In the United States today, there is a group of women who are often overlooked. These are the women who are recovering from traumatic experiences such as abuse or incarceration.
As there is a significant lack of support for these women, without proper help, these women can become susceptible to mental health issues including depression, post-traumatic stress disorder (PTSD), and even substance abuse.
Enter Kumari Fulbright, a self-made entrepreneur and founder of the Freedom Initiative Project, who is dedicated to the mission of helping these women rise above their ordeal and achieve personal greatness.
As an avid supporter of modern feminism, Kumari’s professional background is diverse. She has studied law at The University of Arizona’s James E Rogers College of Law and there she was selected for membership in the Arizona Journal of International and Comparative Law.

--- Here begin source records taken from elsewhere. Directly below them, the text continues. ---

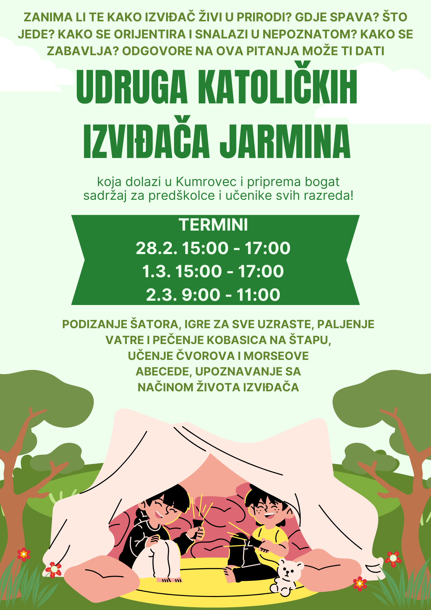 Zanima vas kako postati izviđač i što sve izviđači rade, kako se postavljaju šatori i još svašta zanimljivo... Radionice su namjenje za djecu od 6 do 14 godina. Termini su navedeni na plakatu.
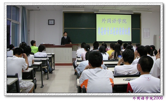 2008年5月25日,由外国语学院2007级学生会和校团委联合举办的bat365在线平台官网登录良乡校区2007级非英语专业英语演讲比赛初赛在理科教学楼108拉开帷幕。来自良乡校区各学院的众多选手报名参加了本次比赛。外国语学院英语专业研究生担任初赛评委。
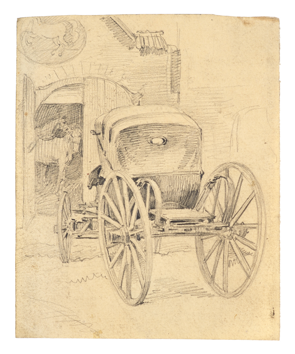 Reisekutsche vor dem Stall. Erste Hälfte 19. Jhdt. Bleistiftzeichnung auf leicht genarbtem Velin. 14 x 11,5 cm. Verso mit weiterer, skizzenartiger Zeichnung. In Punkten auf Unterlage montiert.
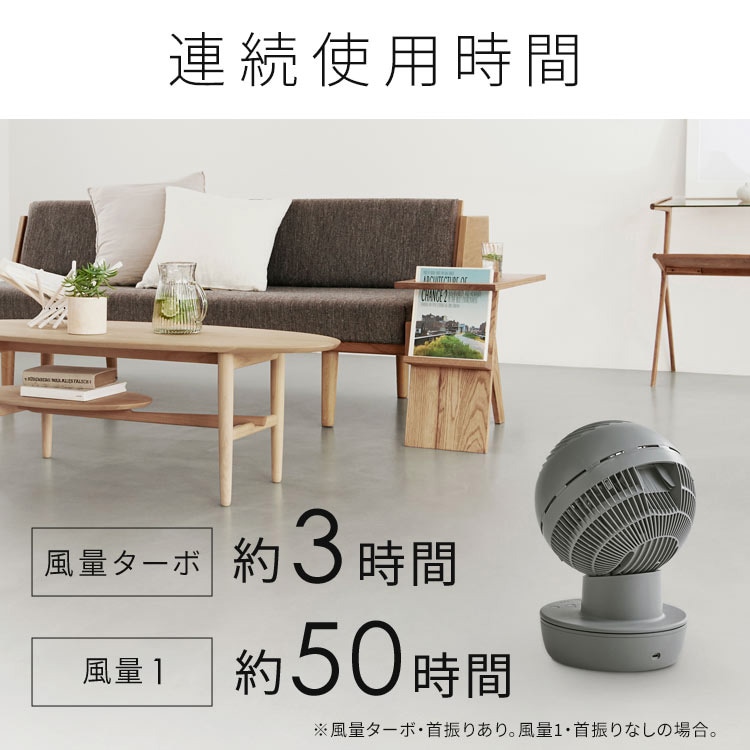 ●風量6(ターボ):約3時間/風量1:約50時間。

Kumari’s entrepreneurial spirit led her to run an event planning business and qualify for real estate licenses in the states of Nevada and Florida.

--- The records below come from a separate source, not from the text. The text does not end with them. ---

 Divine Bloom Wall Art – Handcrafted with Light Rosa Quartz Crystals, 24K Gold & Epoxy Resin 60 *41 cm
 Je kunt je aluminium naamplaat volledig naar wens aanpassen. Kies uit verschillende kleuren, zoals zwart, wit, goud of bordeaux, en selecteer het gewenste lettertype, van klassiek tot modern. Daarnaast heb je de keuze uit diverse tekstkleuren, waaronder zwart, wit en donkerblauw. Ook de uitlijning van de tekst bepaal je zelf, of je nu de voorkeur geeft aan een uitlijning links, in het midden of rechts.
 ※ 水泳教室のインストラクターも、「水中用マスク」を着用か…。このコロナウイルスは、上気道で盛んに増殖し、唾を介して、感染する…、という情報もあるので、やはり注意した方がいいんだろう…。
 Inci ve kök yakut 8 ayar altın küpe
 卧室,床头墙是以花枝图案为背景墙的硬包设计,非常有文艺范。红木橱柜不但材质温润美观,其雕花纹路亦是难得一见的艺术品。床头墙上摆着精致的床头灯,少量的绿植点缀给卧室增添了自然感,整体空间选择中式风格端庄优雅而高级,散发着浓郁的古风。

Since her days in event planning, she has always felt that women were constantly at a disadvantage when it comes to the business world. To help other women achieve equal footing, Kumari decided to become a consultant, assisting other women-owned businesses secure government contracts in Dallas. Through her work, she discovered her true calling—helping other women.
We had the opportunity to have a one-on-one conversation with Kumari Fulbright to learn more about her, what drives her, as well as her efforts towards her brainchild: The Freedom Initiative Project.
The early years
Kumari Fulbright’s lifelong commitment towards community service began at a young age. “As kids, my parents took us to homeless shelters and soup kitchens as a way to not only teach us the importance of helping the less fortunate but as a reminder of the blessings in our own lives.”

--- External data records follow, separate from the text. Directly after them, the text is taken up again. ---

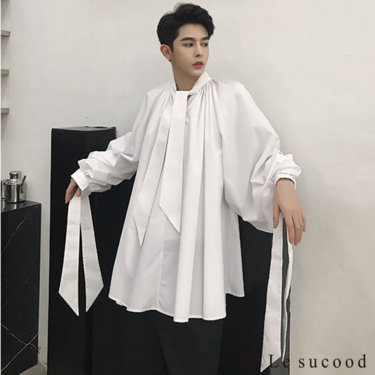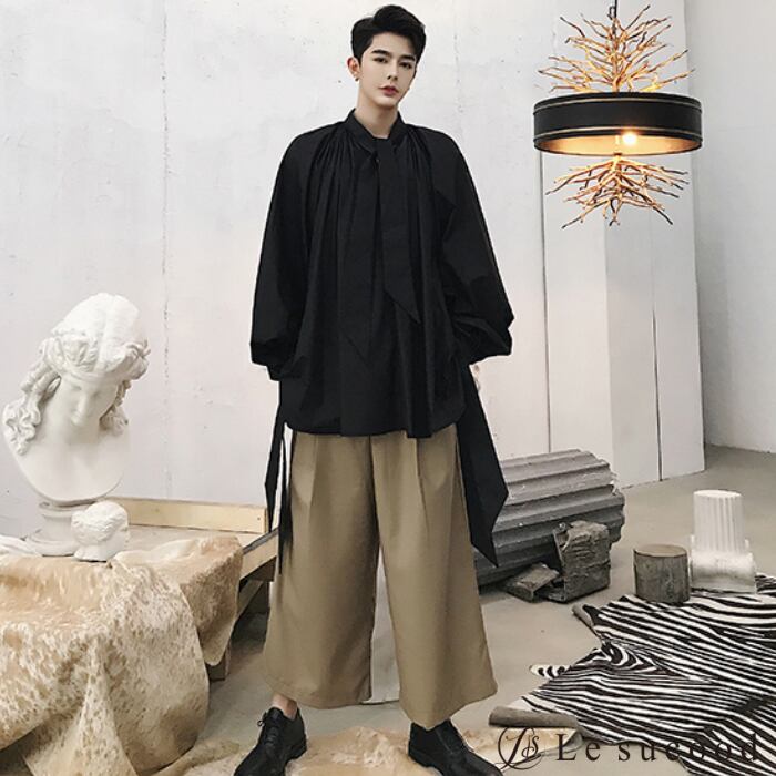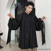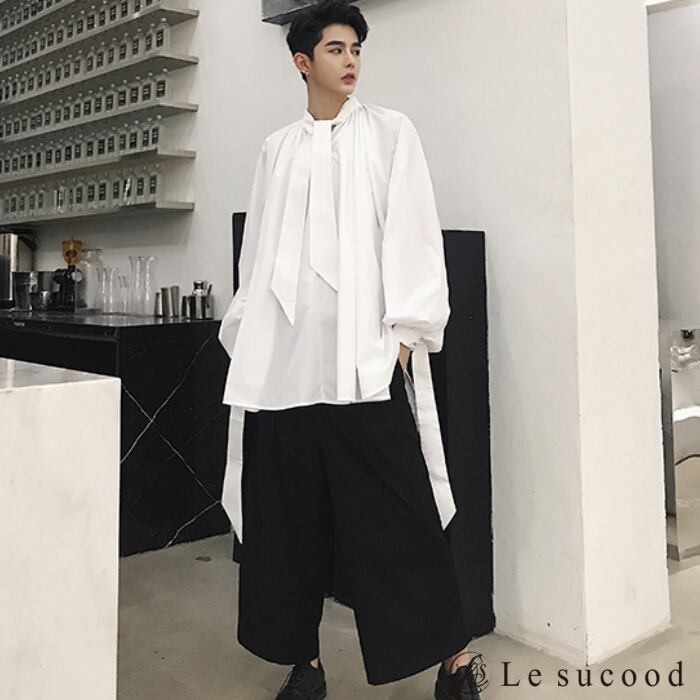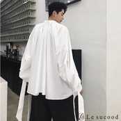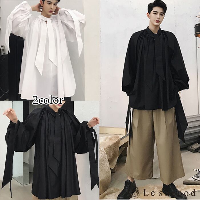 【Le sucood】【お支払い確認後20日以内発送】 リボンコード付き バルーンシルエットシャツ メンズ レディース 黒 白 ボリュームシャツ 変形シャツ リボンタイ ビッグシルエット ゆったり オーバーサイズ モード系 韓国 バルーン ワイド ロングシャツ ノーカラー
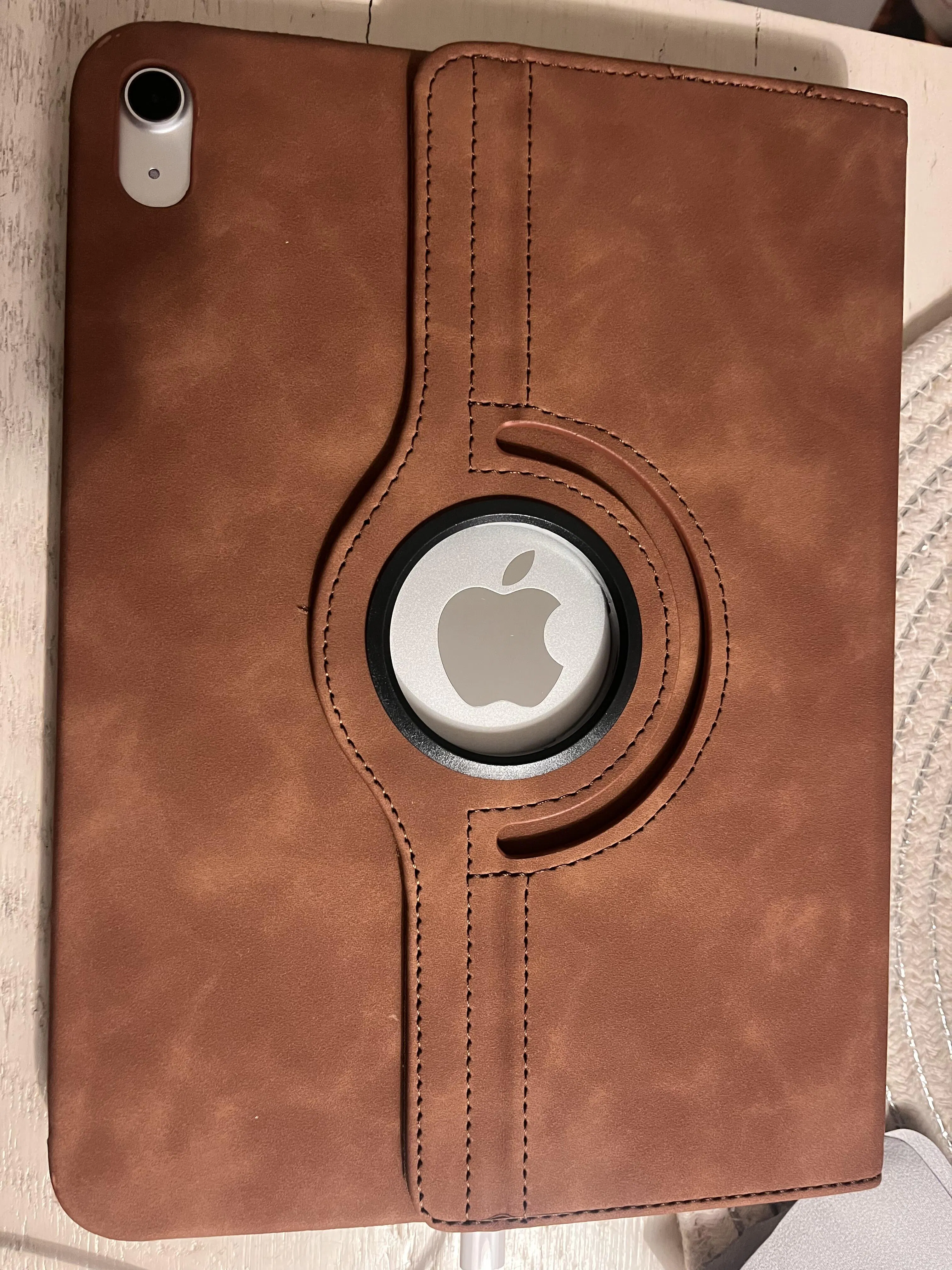 Brown 360-degree rotating case for Apple iPad 2022, showcasing multiple views and card slots.
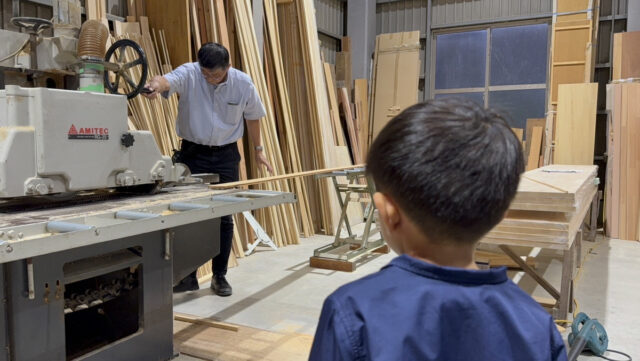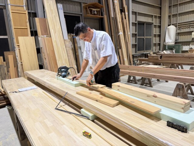 かわいい孫のために何かを制作しているじいじ
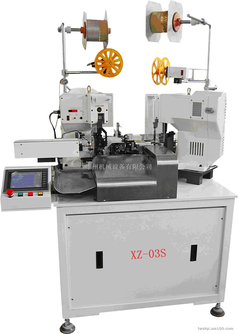 A 特点:该设备主要部件采用进口原件,切线、剥线、端子压着一次完成。PLC加触摸屏,运动定们采用高精密伺服马达,轻易解决模具中心点偏差的问题。送线部分采用两组送线,提高电线长度精准度,大大提升机器的稳定性。
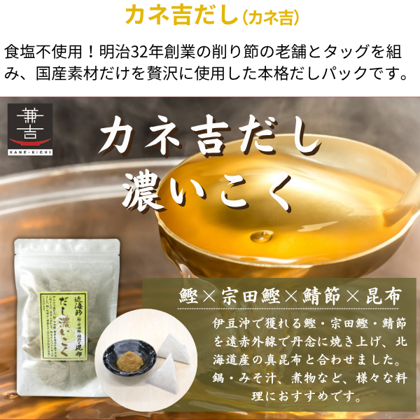 | 原材料 | ●カネ吉の生ふりかけ:ちりめん(国内製造)、鰹節(国内製造)、昆布(国産)、いりごま(国内製造)、砂糖、しょうゆ(大豆を含む)、酢(小麦を含む)、みりん、食塩 ●駿河湾産桜えびの天日干し:桜えび(駿河湾産) ●海苔いわし削り:いわしの煮干(いわし(国内))、乾のり(国産) ●カネ吉だし濃いこく:かつお、そうだ、さばのふし(国産)、こぶの粉末(国産) |

Even during her years at the University of Michigan, Kumari continues to promote the act of volunteering. She helped shape an organization called SHARP (Students Helping And Reaching People), a community service club that introduced middle-school-aged students to the importance of service and community participation.
Kumari is currently devoted to helping women emerge from traumatic times and reach their personal potential. By founding the Freedom Initiative Project, Kumari wants to bring her past experience in community service to a different, yet often overlooked group of people in need. In order to achieve the Project’s goals, Kumari will need dedication and empathy for these struggling women, and fortunately, she is no stranger to this kind of work.
The Freedom Initiative Project
So what exactly is the Freedom Initiative Project?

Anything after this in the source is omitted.